- **Material for the task**
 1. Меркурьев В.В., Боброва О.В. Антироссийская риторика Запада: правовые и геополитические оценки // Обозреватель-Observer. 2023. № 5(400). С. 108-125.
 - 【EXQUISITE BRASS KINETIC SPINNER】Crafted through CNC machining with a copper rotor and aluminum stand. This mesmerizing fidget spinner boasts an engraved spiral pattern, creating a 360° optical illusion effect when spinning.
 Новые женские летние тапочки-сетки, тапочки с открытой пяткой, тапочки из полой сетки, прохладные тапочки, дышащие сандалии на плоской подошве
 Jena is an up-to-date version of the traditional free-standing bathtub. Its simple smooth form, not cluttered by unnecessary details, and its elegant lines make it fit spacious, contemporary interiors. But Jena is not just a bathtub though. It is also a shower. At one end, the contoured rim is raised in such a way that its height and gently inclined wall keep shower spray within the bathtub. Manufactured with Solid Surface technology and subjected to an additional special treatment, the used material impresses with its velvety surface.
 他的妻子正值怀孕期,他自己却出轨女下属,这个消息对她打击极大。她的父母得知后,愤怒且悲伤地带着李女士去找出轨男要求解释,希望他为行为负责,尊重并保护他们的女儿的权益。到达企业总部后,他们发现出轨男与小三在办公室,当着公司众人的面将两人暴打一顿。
---
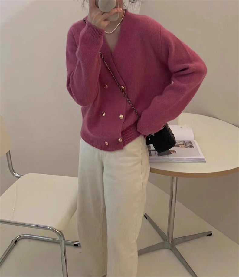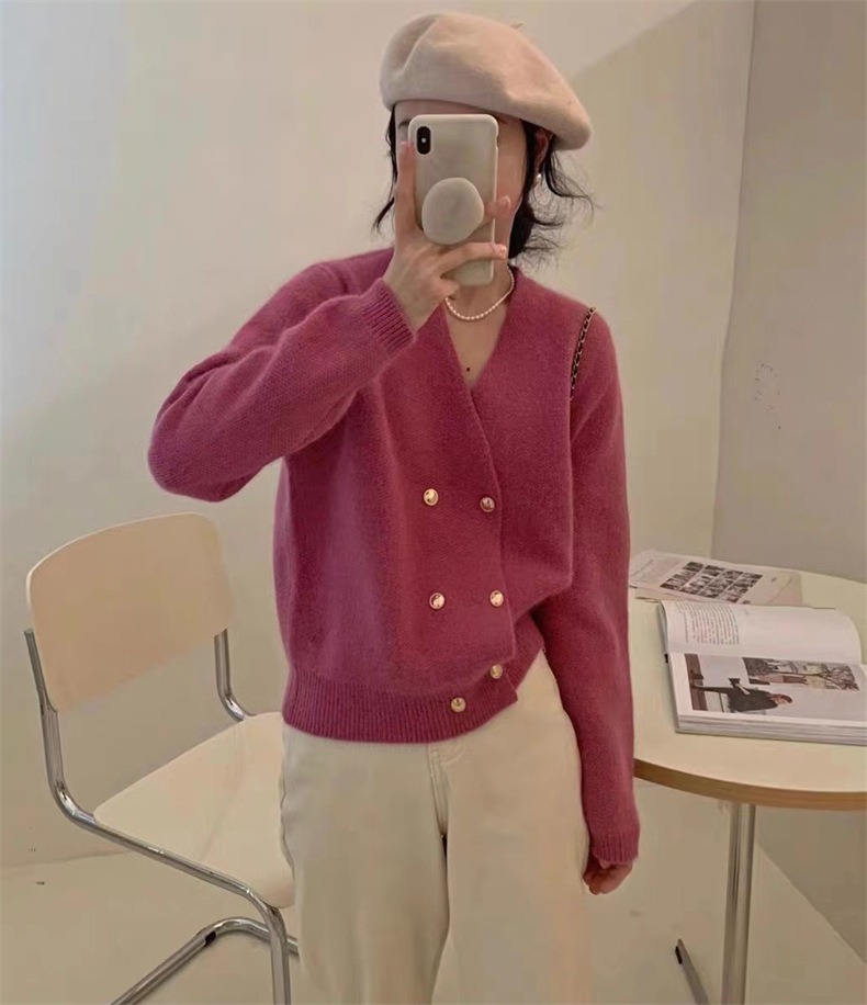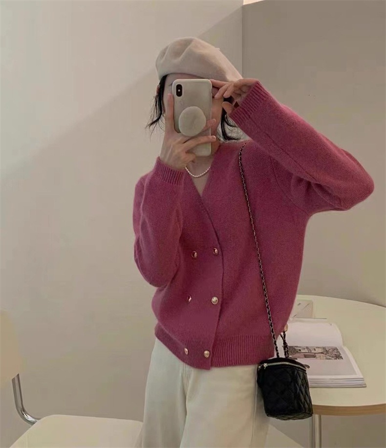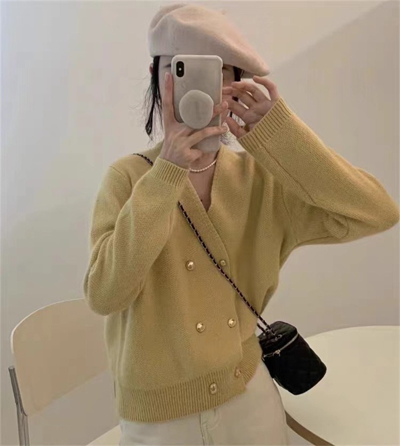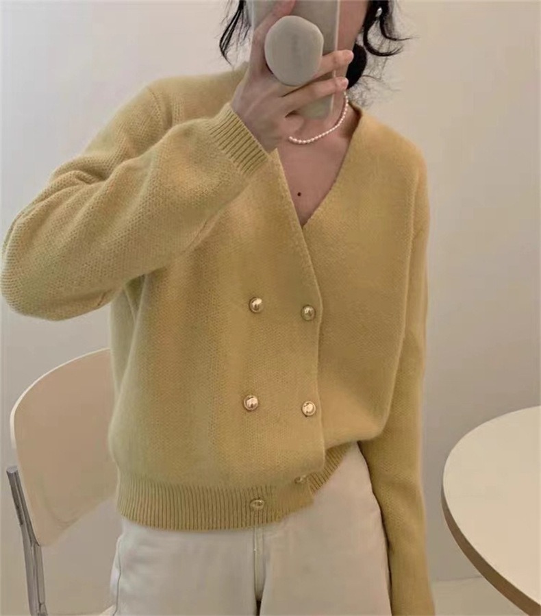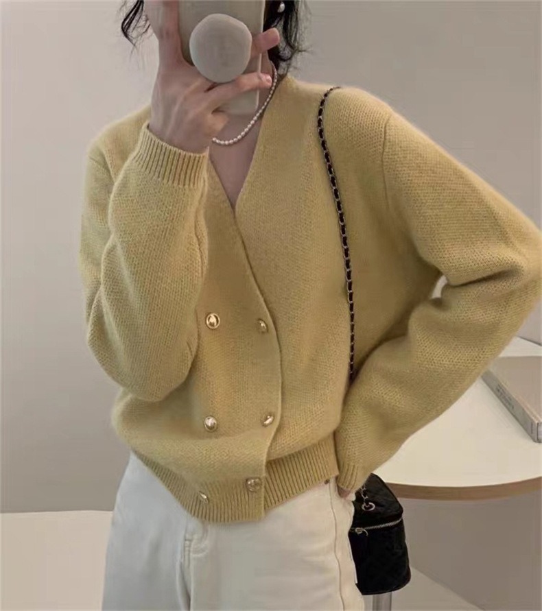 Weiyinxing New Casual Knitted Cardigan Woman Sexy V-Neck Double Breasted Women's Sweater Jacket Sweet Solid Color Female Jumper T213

- **Try it**
For the string "with", state how many lines in the listing contain it, and give no other words.

- **Response area**
2